En Conferencia de Prensa celebrada en las instalaciones de la empresa Goya, que ha sido el mayor auspiciador por más de 30 años ininterrumpidos, el nuevo apoderado del quinteto Alfredo P. Gotay Zorrilla se mostró positivo en que la nueva plantilla que han estructurado pueda consagrarse con el máximo galardón, que por última ocasión pudieron alcanzar en la campaña 2009.

Esto fue lo que precisamente Carlos A. Unanue, presidente de la prestigiosa empresa Goya, sostuvo que a pesar de los difíciles momentos que vive el país, se mantuvo el compromiso de colaborar al “reconocer la acción deportiva como una fuente de sana recreación familiar que debe permanecer en la vida de los puertorriqueños. Por eso hemos decidido continuar nuestro respaldo a los Vaqueros, como ha sido durante los pasados 32 años, confiando que la temporada será una de alto nivel competitivo, de buen baloncesto, muchas victorias y de un nuevo campeonato”, finiquitó.

Gotay Zorrilla, por su parte, indicó que “la mejor manera de ganarnos la confianza de la fanaticada es hacer un buen equipo”, dijo el propietario absoluto del conjunto que debuta como visitante ante los Piratas en el Coliseo Raymond Dalmau de Quebradillas el 7 de abril, para luego recibir a los Cariduros de Fajardo el domingo 9 de abril en el Coliseo Rubén Rodríguez de Bayamón.
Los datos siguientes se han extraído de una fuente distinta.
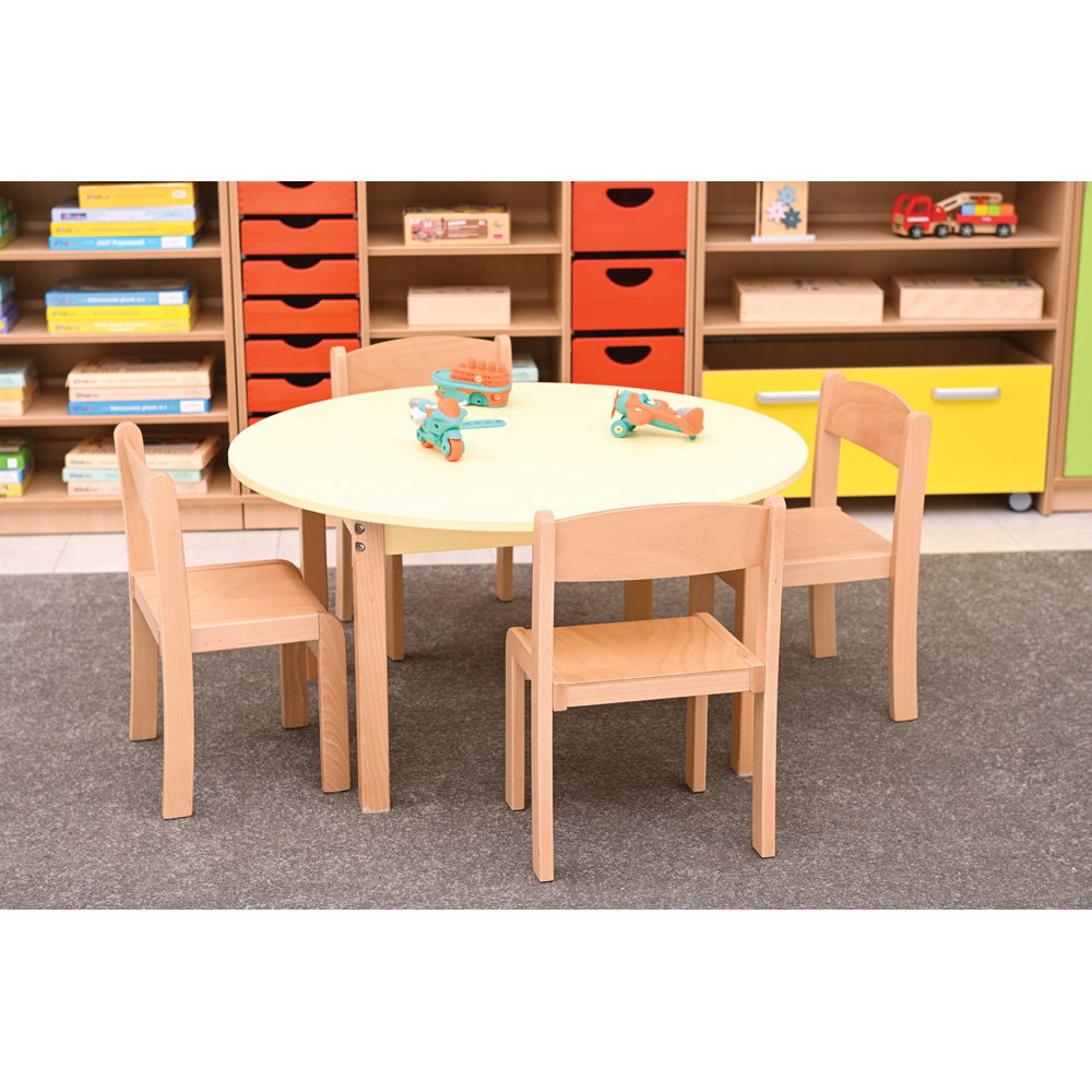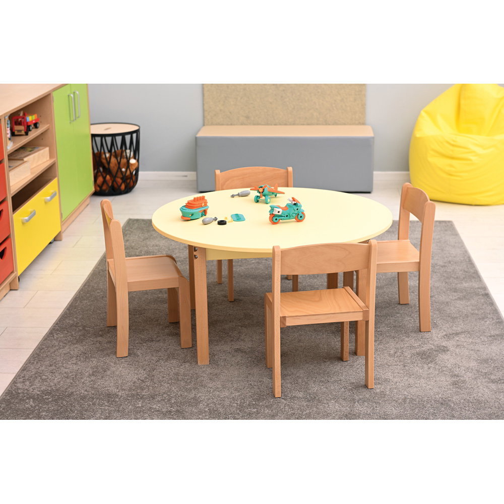 Ein harmonisch gestalteter Raum bildet die ideale Grundlage für eine positive Lern- und Spielatmosphäre. Die runde Tischplatte Pascal mit einem kompakten Durchmesser von 100 Zentimetern fügt sich dank ihres schlichten und durchdachten Designs nahtlos in jede Einrichtung ein. Ob im Kindergarten, im Hort oder in vielseitig genutzten Betreuungsräumen – dieser Tisch schafft sofort einen einladenden Ort des Zusammenkommens. Die runde Form fördert die offene Kommunikation, da sich alle Kinder am Tisch direkt ansehen können. Das erleichtert gemeinsame Spiele, kreative Bastelprojekte und das tägliche Essen ungemein.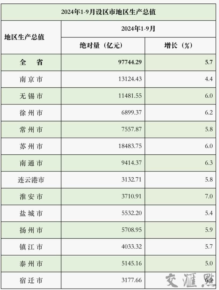 交汇点讯 11月6日,新华日报·交汇点记者从江苏省统计局获悉今年前三季度13个设区市地区生产总值(GDP)数据。从全省角度来看,经济持续展现稳健增长的态势,全省GDP总量达到97744.29亿元,同比增长5.7%,这一数据不仅彰显了江苏经济的强大韧性,也反映出各地政府在推动经济发展方面的积极作为。
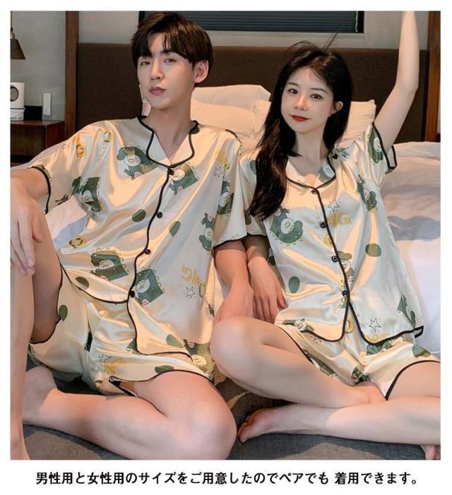 2点セット パジャマ 上下セット メンズ レディース アイスシルク 接触冷感 シルク シルクタッチ シルク調 襟付き Vネック シルク調サテン地 ペアパジャマ ルームウェア 部屋着 寝間着

“Somos el único equipo que tiene un gerente general que es un inmortal”, destacó en referencia a Franklin Western, quien fuera exaltado recientemente por su gran trayectoria como jugador de los Vaqueros. “Nos ha traído unas herramientas que ha permitido una mejor comunicación con los jugadores, que son nuestros héroes. Esperamos y estamos seguros que vamos a salir bien”, añadió Gotay Zorrilla sobre el cumplimiento con el personal para una productividad mayor hacia la organización.

“Este es el comienzo hacia el campeonato”, insistió el apoderado. “Ya empezamos a elaborar para ganar el campeonato. No tenemos otra opción, ya que fuimos subcampeones en el 2016 y ahora seremos los campeones del 2017”, dijo con absoluta seguridad el deportista que fungió como Co-Apoderado en la pasada temporada, quien agradeció la gran colaboración del Municipio de Bayamón y el alcalde Ramón Luis Rivera Cruz por su compromiso con el equipo de mayor tradición en la ciudad.
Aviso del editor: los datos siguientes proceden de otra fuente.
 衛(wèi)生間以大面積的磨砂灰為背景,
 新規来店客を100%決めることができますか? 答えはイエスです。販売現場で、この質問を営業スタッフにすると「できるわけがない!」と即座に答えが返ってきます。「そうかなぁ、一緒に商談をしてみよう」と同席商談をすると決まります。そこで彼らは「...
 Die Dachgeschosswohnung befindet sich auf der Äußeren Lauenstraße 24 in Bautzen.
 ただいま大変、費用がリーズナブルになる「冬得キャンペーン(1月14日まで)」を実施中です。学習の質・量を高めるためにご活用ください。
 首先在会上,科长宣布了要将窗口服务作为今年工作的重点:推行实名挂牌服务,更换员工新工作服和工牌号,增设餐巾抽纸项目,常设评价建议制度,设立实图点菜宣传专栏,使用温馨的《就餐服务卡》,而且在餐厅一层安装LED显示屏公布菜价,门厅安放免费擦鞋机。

Western, por su parte, resaltó el compromiso de los jugadores que “han trabajado bien duro por seis semanas. Por eso les pido la confianza a la fanaticada, ya que hemos puesto todo nuestro empeño para confeccionar un equipo contendor capaz de ganar el campeonato. Tengo mucha confianza en este equipo, ya que gané campeonatos como jugador y ahora quiero hacerlo como Gerente General”, recalcó el ex canastero apodado ‘El Fantasma’, quien vistió la camiseta de los Vaqueros durante 17 temporadas en el torneo local.
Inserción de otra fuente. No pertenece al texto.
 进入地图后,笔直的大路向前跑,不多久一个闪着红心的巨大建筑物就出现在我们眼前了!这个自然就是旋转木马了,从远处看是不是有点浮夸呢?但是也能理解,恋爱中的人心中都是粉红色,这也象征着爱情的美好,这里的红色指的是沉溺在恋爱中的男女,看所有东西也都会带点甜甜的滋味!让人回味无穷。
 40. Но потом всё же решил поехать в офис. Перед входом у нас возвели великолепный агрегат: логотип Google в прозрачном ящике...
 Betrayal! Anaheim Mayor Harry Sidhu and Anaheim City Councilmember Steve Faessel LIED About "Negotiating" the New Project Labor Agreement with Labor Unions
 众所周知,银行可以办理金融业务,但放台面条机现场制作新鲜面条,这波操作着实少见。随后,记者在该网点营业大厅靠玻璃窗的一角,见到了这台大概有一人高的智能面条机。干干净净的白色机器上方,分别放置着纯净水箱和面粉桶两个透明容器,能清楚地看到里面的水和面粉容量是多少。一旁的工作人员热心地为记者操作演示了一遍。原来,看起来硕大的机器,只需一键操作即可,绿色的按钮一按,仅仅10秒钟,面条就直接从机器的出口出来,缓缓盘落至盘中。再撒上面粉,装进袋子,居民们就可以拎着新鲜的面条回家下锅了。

El funcionario presentó a cada uno de los jugadores presentes en la actividad, en las que se destacan los nombres de los veteranos Alexander Franklin, Jesse Pellot, Johwen Villegas, Omar Alvarado y Christian Dalmau, quien estampó su firma hace dos semanas para regresar al equipo tras varias temporadas de ausencia. Otros canasteros confirmados son Tyler Polo, Jorge Sanabria, Orin O’Bryant, Joel Gierbolini, Paul Graham y los armadores Joseph Soto y Javi González. Como refuerzos estarán el nigeriano Jeleel Akindele y el mexicano Héctor Hernández.

“Tenemos un equipo tiene todos los estilos. Podemos jugar rápido y a media cancha. Tiradores y jugadores que en cualquier momento podemos adaptarlos a cualquier estilo, cuando sea necesario. Si tenemos un juego diferente, y tenemos un equipo que no puede jugar de una forma, sería un poquito difícil. Es mejor tener varios jugadores que pueden jugar posiciones diferentes y estilos diferentes. Ya tenemos jugadores que pueden hacer los cambios”, explicó Western sobre la versatilidad de la plantilla.

En cuanto al cuerpo técnico, Western se mostró esperanzado que el dirigente en propiedad Francisco ‘Paco’ Olmos pueda integrarse al equipo previo al comienzo de la campaña. El español que llevó a los Vaqueros a la serie final en el 2016, está en medio de esta misma etapa en el torneo profesional de México con el equipo de Fuerza Regia de Monterrey, en el que también militan los dos canasteros invitados del quinteto bayamonés.

“Lo más pronto que Paco puede llegar es el 2 de abril”, aseguró Western. “Lo más tarde sería el 6 de abril, lo que significaría un día antes de nuestro primer compromiso de la serie regular”, explicó sobre la llegada del que fuera el técnico de la Selección Nacional de Puerto Rico, que en la final mexicana está arriba 2-1 en la serie a un máximo de siete encuentros ante su rival de los Soles de Mexicali, lo que pudiera ser beneficioso para arribar más temprano a suelo boricua.

El dirigente envió un mensaje desde suelo azteca en la que manifestó que “después de la campaña tan exitosa, en la que cogimos el equipo último y terminamos primero en la regular y conseguimos después de tantos años jugar por el campeonato, después de todo lo sucedido, que cambia mucho nuestro proyecto en la administración, eso ha tenido consecuencias en la estructura deportiva”.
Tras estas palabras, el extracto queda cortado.